Friday, April 9, 2010

you may break both your legs

I was once a wolf. I was once wild. I knew the smell of the forest. Now it rings as a vague sensation of coming home. I remember the pines that stretched for miles, undulating across the land. I know the shape of the oaks, their trunks all thick and grizzled. I wove through these for hundreds of years and you tamed me.

No, no, that is not what happened at all. I am the one who tamed you. It was I who came to the edge of the wood to live and built my house and settled quietly.
The earth gave me fruit of my hands, my labor, my sweat. The forest gave me you, trotting out into a clearing and blinking at me in the bright daylight while I smudged a line of dirt across my nose in erasing an itch. You would come to me like that from time to time and in time I learned more of the forest and forgot my field with its young vegetables. I hungered for meat and you taught me the hunt. You taught me the thrill of the flesh, all form and fabric. How it would work. Strive and bend, in the hunt. I forgot my field of vegetables. I forgot the light and the cabin and the quiet settling. I lived in dark and silent places. I rushed headlong into the night but it rubbed raw against me. I did not have your toughened hide. I was all soft pink with curves in my hard lines. I worried. I worry.

You are gone to the forest and the shady reticence there. I cannot live without the sun. I cannot live without the dirt on my hands and in a line across my nose. We lived like this for years – you, blinking on the edge on the wood and I in my garden. My fields spread out over the years, rolling across the meadow.
I shaped the earth, planted rows, tended time and drew forth trellises of vine, laden with fruit. The land begged for the order of my hands.

Your pack came in the afternoon as I tended to the grapes. They flowed down the covered rows of vine. I saw them from the end crashing like the white froth of a wavehead. I waited and then they came upon me and tore and rent and crushed with their awful jaws and left me there guttering and piled. Spiders lowered themselves from the vines above and wove me tight around. The dirt sprouted roots that waved in the golden light of evening and then rushed across the ground. I felt the fingers of the roots passing through the webbing and tapping into my skin. They fed me until my body mended. My bones set in casts of silver web. My bruises faded and skin patched. I passed the time watching the grapes grow. They swung all about me, growing fat and swelling with the luxury summer. Time tended me and I mended. I counted the seconds with the sticks the sparrows carried to their nests. I learned the lattice of their pattern as they passed above me. The early morning weave of brown feather and sharp cry against the blue of the sky. I once watched a flock of finches fight a hawk, baiting him to fly into the glare of the sun and then attacking from the sides. On the ground, underneath the vines of grapes I felt the wet on their beaks, the sharp taste of iron flashing back along their tongues.

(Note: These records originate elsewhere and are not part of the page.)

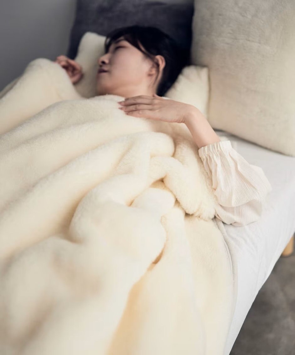 ウールの中でも特に風合いの良いメリノウールで、そして軽くてボリュームのあるニューマイヤーの技術で究極ともいえる毛布を作りました。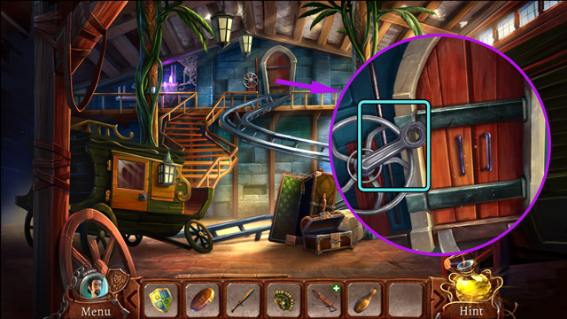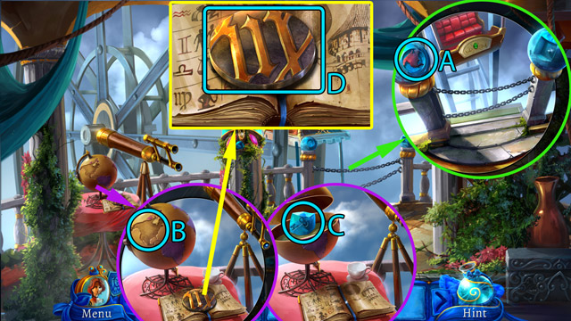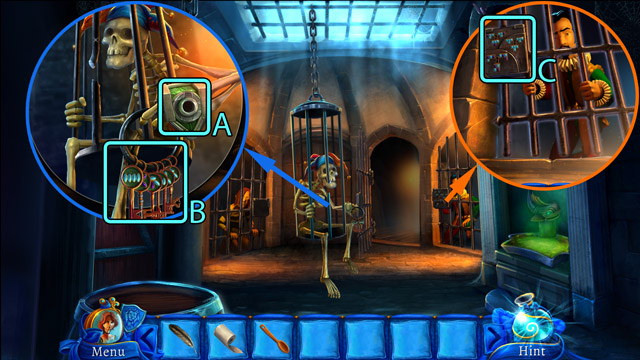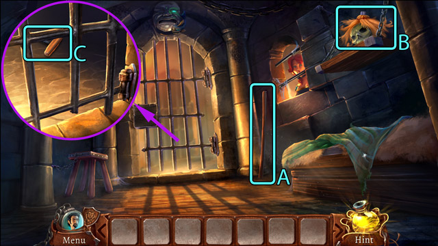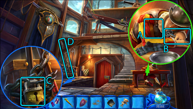 - Open the padlock (C) with the Hair pin.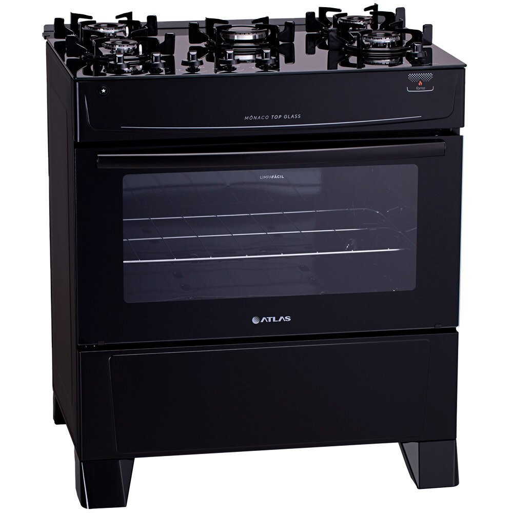 Fogão a Gás de Piso 5 Bocas Atlas Mônaco Top Glass Mesa de Vidro Preto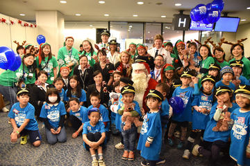 サンタクロースがフィンエアーのA350に乗って日本に到着。成田空港でさっそく子供たちにプレゼント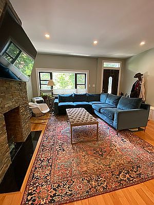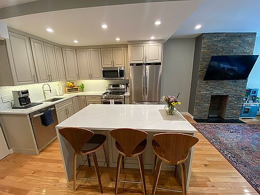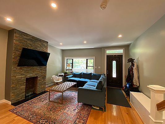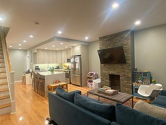 South Slope/Greenwood. Large (1800sq feet) newly renovated 3 bed 3 bath duplex apartment with great light and private backyard and deck. Chef's kitchen with center waterfall island, white marble countertops, and stainless steel appliances. 3 bedrooms, 2 running width of the townhouse, each with decorative fireplace and having en suite baths and walk-in closets with built-ins; the 3rd bedroom, also spacious, is on the main floor with another full bath . Open floor plan with 4 decorative fireplaces, beautiful wood floors throughout and high ceilings. New LG washer and dryer. Zoned for PS 295 and District 15 schools. For rent by owner- no fees. No pets. Available July 15th.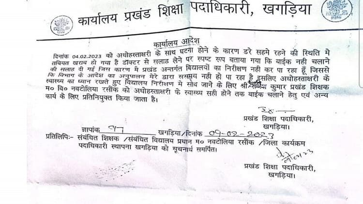 बिहार के खगड़िया में शिक्षकों से जुड़ा विवाद थमने का नाम नहीं ले रहा है. प्रखंड शिक्षा पदाधिकारी ( बीईओ) खुद विवाद में उलझ गए हैं. मामला शिक्षक को अपना ड्राइवर बनाने से जुड़े एक पत्र का है. जिसमें बीईओ ने आदेश जारी किया है कि उनकी बिगड़ी सेहत को देखते हुए एक शिक्षक को बाइक चलाकर उन्हें स्कूल ले जाने की जिम्मेवारी सौंपी जाती है.

I mind my rows of vegetables with a limp now. My hip stutters in its articulation.
You catch in it. I wait sometimes on the edge of the woods for you to appear out of the shadow of the oak and pine. For you to come to me and press press press your hand against my ribs with the fingers shaped like the blade
of a knife. Tilt the tips so that they pass through my skin like hot wax and pass between the ribs, they will move to allow you entrance. There is light sleeping here. It huddles like the newborn rabbits we found, mewling and blind in their burrow. Press your hand to there and I will breathe deep and even, my chest moving around your forearm. The light will approach and you must be still, a movement will startle. If you are quiet and if you do not mind waiting, it will brush against your hand and then you will know. The shape of your skin rests against it. I feel your thrum out from my ribs, reverberating.

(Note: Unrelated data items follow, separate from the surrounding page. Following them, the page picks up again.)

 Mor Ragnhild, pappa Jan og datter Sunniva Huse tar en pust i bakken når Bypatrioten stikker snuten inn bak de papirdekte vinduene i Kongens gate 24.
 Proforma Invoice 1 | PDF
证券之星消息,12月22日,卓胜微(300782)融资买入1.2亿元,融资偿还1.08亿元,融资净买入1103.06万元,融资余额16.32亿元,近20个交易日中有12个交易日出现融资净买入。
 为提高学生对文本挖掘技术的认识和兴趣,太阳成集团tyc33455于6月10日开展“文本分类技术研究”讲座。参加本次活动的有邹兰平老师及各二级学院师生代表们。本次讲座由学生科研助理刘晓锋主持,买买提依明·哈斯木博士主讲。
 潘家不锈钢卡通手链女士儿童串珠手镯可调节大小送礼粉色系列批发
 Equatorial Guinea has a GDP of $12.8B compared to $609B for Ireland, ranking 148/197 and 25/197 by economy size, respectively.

I remember the tension of the leeches as we would pull them from our skin after swimming in the lake. They gripped in my mind with creamy filaments, all hard cartilage. I imagined the tiny rends in my skin as I would pinch it by the tail and try to remove it without breaking it in half.

I remember you vomiting on the beach as I pulled one from your shoulder,

“Hold still, it slipped out of my hands.”